McElmo Creek Flume

 

Year Listed: 2011
County: MontezumaCounty
Construction Date: 1890
Threat When Listed: Natural Elements
Status: IN PROGRESS

The Montezuma Valley is naturally arid, but by the early 1880s had become a place of great promise for settlers in Southwestern Colorado who saw an opportunity for 200,000 acres of irrigated crop land, if only water could be diverted from the Dolores River.

In 1878 a ditch company was formed, and by the next year more than a hundred men began work digging a mile-long tunnel under the Dolores Divide. Though the first ditch company went bankrupt, the effort continued; canals were dug, flumes were built, and by 1889 the tunnel was complete. In April of 1888, the Montezuma Journal called the system, “…one of the greatest irrigation enterprises, not only in the state, but in the West.” By 1920, when the Montezuma Valley Irrigation Company was formed, the system included more than 100 wooden flumes and 150 miles of canals.

Today, only a single flume remains of the 104 originally constructed. It serves as a reminder of the spectacular engineering feat that was instrumental in developing Southwestern Colorado. The McElmo Creek Flume, which bridges a natural arroyo east of Cortez near Highway 160, is in serious disrepair and will likely collapse and be lost forever unless immediate action is taken to preserve this significant historic resource. In continuous use for more than 100 years, the Flume was seriously damaged by flash floods in 2006, and again by heavy winds in 2010.
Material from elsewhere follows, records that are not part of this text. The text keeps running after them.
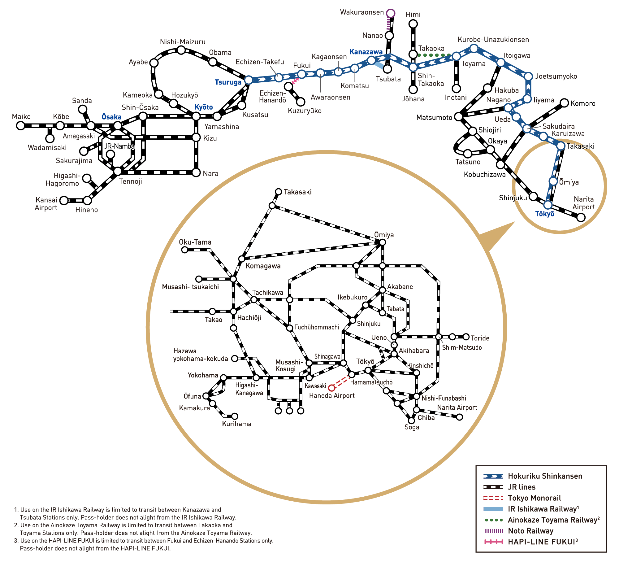 This discount pass allows the holder to use the Hokuriku Shinkansen, limited express trains, and other trains from Kansai, Narita, and Haneda Airports to the Hokuriku region. Valid for 7 consecutive days. Pass holders are also entitled to discounts on tourism facilities, buses and trains in the Hokuriku region, and other benefits.
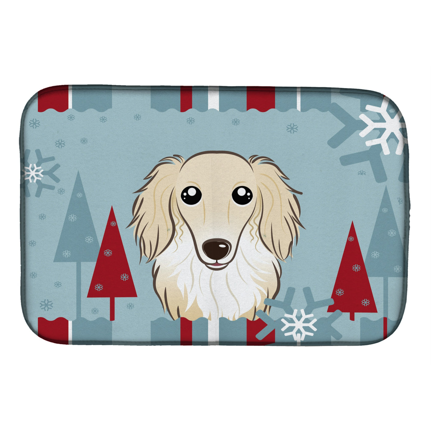 'Caroline's Treasures Winter Holiday Longhair Crme Dachshund Dish Drying Mat 14'''' x 21''''''
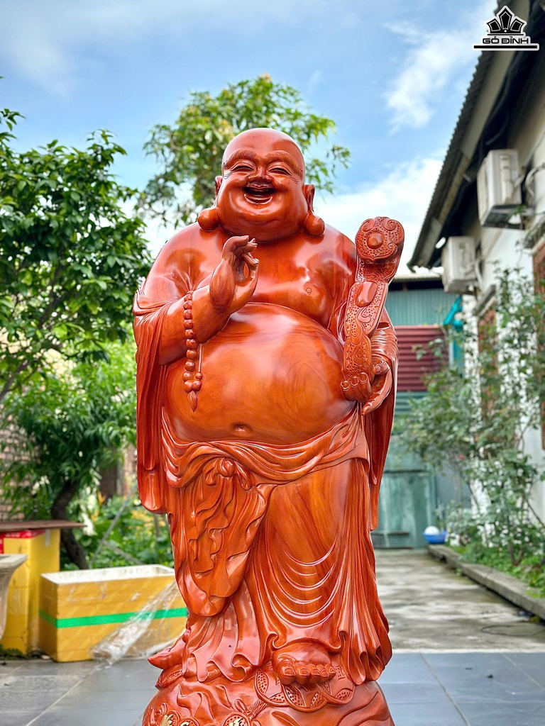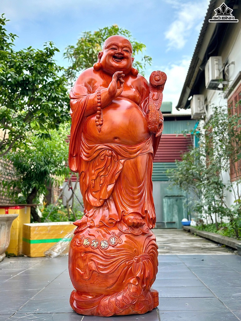 Tượng Phật Di Lặc Cầu Phúc Gỗ Hương Cao 160 Ngang 50 Sâu 40 (cm)
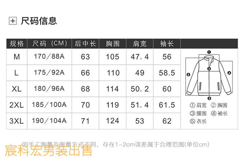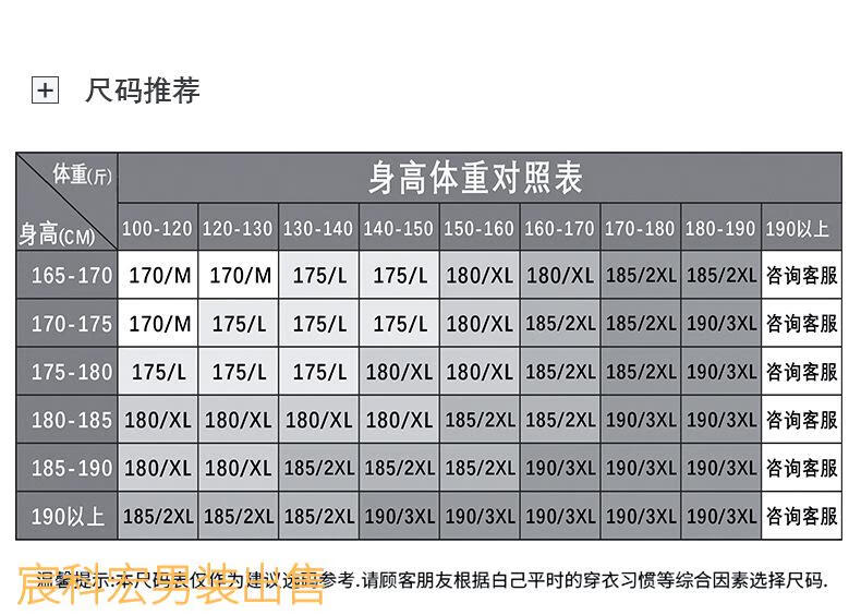 China (cm) 165 / 88-90 170 / 96-98 175 / 108-110 180 / 118-122 185 / 126-130
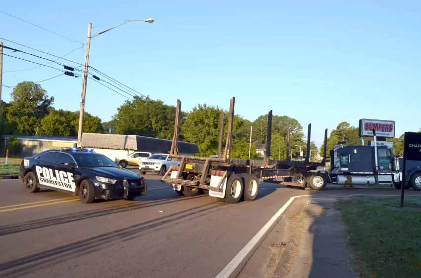 A log truck struck a school bus during the morning commute Wednesday in Charleston.
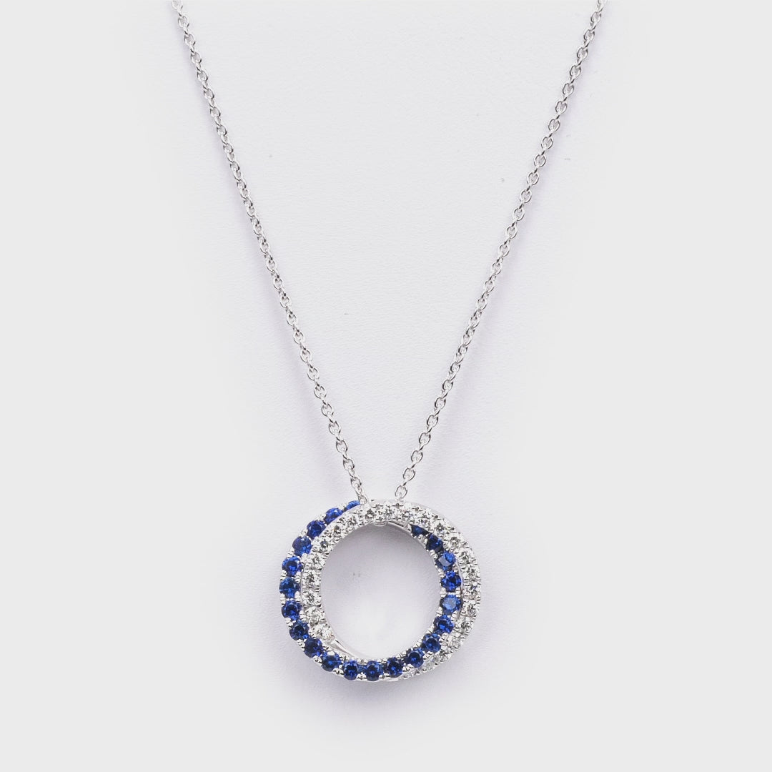 Elevate your elegance with our Stacked Diamond and Sapphire Double Hoop Pendant. Crafted with 18-karat white gold, it features a harmonious arrangement of round brilliant diamonds that weigh a total of 0.28 carats and round brilliant sapphires that weigh 0.63 carats. Together, the diamonds and sapphires radiate grace and sophistication.

Colorado’s history is inextricably linked with the availability of water for mining, agriculture, and community development. The loss of the McElmo Creek Flume would mean the loss of an irreplaceable opportunity to tell the story of water and settlement in the Montezuma Valley.
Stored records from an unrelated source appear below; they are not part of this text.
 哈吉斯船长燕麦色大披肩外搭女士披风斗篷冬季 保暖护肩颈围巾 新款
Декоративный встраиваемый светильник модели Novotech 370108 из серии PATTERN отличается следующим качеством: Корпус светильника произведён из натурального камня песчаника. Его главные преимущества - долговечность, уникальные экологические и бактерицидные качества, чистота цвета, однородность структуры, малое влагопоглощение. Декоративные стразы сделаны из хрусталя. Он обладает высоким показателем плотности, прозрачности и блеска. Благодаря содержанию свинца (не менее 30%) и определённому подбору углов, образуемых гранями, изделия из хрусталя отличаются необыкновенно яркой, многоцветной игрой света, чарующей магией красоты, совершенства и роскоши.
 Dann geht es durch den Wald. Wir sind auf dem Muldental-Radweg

Fortunately, the McElmo Creek Flume is located very near a turnout on Highway 160 and therefore offers a tremendous opportunity for the installation of interpretive panels to educate residents and visitors alike about the significance of a historic resource that has been largely forgotten. The Montezuma Valley Irrigation Company, still in the business of managing water, owns the planer used to bevel the edges of the boards that make up the wooden trough portion of the Flume and has offered to make it available for the restoration effort.  The State Historical Fund has awarded the county funds to complete structural analysis on the flume and prepare CDs for the stabilization work.  The State Historical Fund has awarded a grant to complete the foundation work on the flume, but requires additional matching funds.

The county is currently seeking matching funds to obtain the grant for the foundation as well as funds to complete the pullout and interpretive program.